Наставник слегка нахмурился.
— Ты совершенно напрасно предупредила его тогда ночью на пляже. Роско не полагается знать планы Земли до того, как она решит сообщить ему сама.
— Планы Земли или планы Наставников? Или, может быть, планы одного какого-нибудь Наставника, который вообразил себе, что дергает за ниточки? Как Земля сообщает Роско? Снова через того же самого Наставника? Который думает, что он теперь нашел себе хитрую лазейку. Что его подружка станет за него договариваться, с кем ему нужно. Что он теперь на короткой ноге с Теми, Кого…
— Нока!!!
Наставник резко встал, прошелся по комнате. Нока опять была послушной девочкой, которая наворачивает на палец прядку. Успокаиваясь, Наставник Скин передвинул одно-два кресла, придерживая их за спинки. Успокоился. Сел. Попробовал обратиться к Ноке мысленно.
(Девочка, ты не должна так говорить…)
— Нет уж, я говорить буду. Говорить словами. Как вам тут Роско докладывает.
— Могу сказать только то же, что говорю в таких случаях Роско: как тебе будет удобнее.

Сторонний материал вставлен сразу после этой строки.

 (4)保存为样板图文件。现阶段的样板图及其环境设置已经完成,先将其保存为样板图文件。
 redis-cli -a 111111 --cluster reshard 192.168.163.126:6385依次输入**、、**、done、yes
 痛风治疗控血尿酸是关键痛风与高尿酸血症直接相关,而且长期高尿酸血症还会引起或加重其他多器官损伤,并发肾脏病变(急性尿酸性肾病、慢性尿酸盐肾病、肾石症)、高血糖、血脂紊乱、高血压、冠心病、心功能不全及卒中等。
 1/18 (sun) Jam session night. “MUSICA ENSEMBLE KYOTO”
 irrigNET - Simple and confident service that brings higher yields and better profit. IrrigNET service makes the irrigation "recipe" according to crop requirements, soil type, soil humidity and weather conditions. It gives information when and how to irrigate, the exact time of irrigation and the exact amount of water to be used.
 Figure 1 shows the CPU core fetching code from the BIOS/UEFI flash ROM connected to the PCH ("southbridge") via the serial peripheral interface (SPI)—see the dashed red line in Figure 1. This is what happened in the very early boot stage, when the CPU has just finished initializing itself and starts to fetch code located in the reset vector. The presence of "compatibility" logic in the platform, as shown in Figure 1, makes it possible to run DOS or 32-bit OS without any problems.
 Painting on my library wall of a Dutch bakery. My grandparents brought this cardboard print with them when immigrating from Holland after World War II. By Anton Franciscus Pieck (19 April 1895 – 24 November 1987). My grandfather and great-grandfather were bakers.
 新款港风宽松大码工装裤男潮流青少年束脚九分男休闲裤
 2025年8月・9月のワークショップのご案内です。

— Ты не ответил о Переселении.
— Нока, дорогая, — Наставник был, похоже, искренне удивлен, — тебе-то какое до Переселения дело? Тебе ни в одно не идти, уж я позабочусь. Между прочим, по рождению ты была Нолкой. Имя Переселенки. Думаешь, просто было сделать из «Нолки» — «Ноку»?

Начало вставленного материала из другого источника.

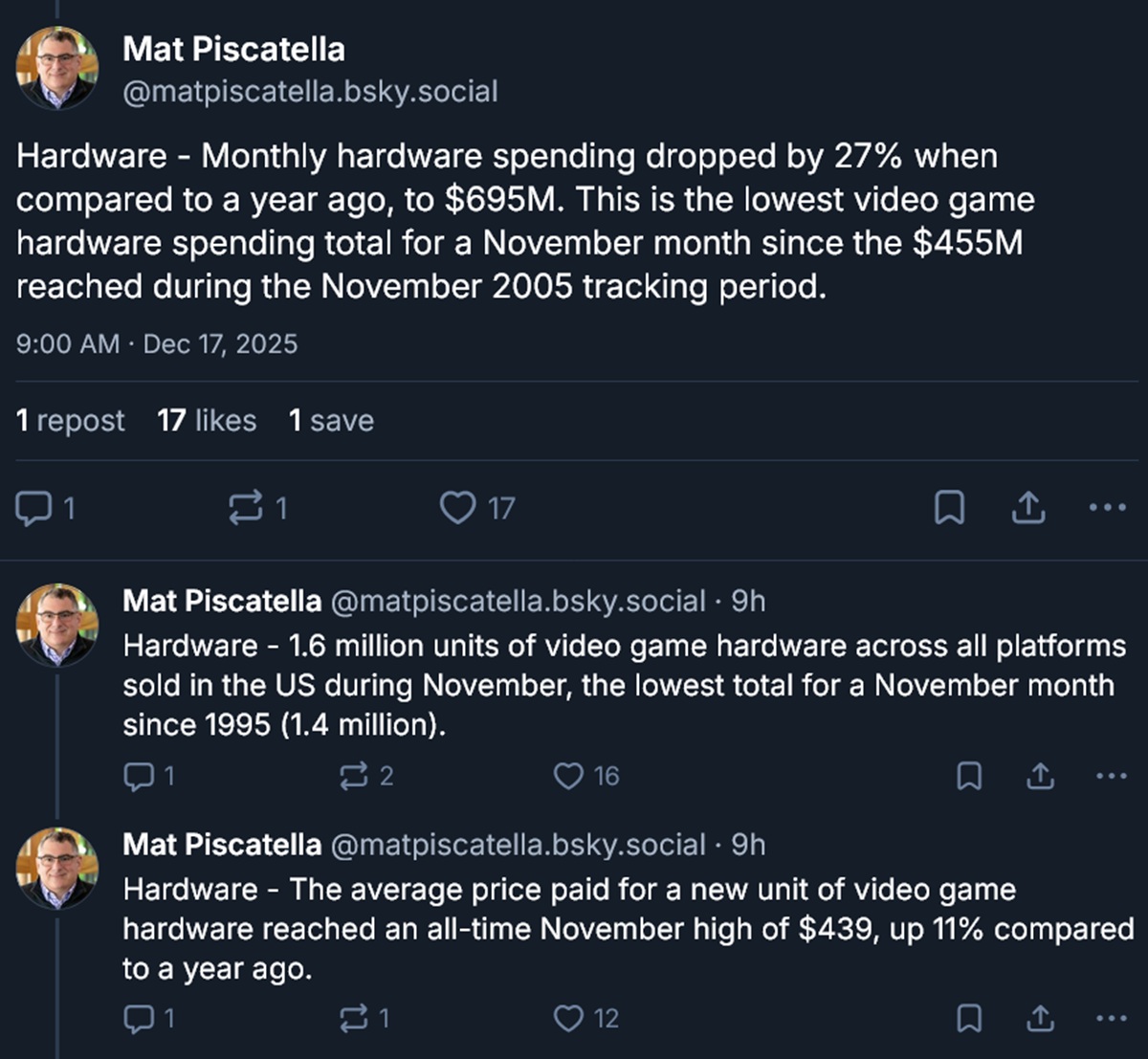 Sony può festeggiare il rapporto Circana, ma ci sono segnali di allarme per il mercato hardware. Le vendite totali sono diminuite del 27% rispetto allo stesso periodo del 2024. La spesa ha raggiunto i 695 milioni di dollari, il totale di novembre più basso dal 2005. I rivenditori hanno venduto 1,6 milioni di unità, il peggior risultato dal novembre 1995.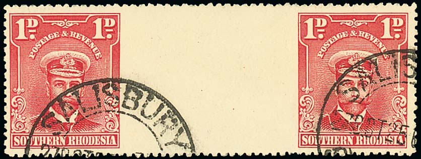 1d. bright rose horizontal interpanneau pair, imperforate across the interpanneau margin, neatly cancelled by Salisbury 1925 c.d.s.; the left-hand stamp with a vertical crease, otherwise fine. Rare. Briefmarkenprüfstelle Certificate (2003). Photo

— Да-а? И как же тебе удалось, все хотела спросить?
— В общем-то, ерунда, — Скин не выдержал, отвел глаза. — Это все в компетенции Наставников, как они договорятся. Твоя мать просила…
— Угу. — Нока подложила руки под себя, заболтала ногами. — Слушай, папик, у тебя тут во Владении вашем хряпнутом пожевать ничего не найдется? С утра аппетита не было, а сейчас подводит. Кормят вас тут? Любимая Земля?
— Не говори о Земле так, — мягко укорил Наставник Скин. — Я посмотрю. — И вышел.
Пока он ходил куда-то в задние комнаты, Нока быстро соскочила с кресла, раскрыла книгу, торопливо перелистнула несколько страниц. Какое-то место ее интересовало, она усиленно водила глазами по строчкам, помогая — на самом деле, как маленькая — себе языком.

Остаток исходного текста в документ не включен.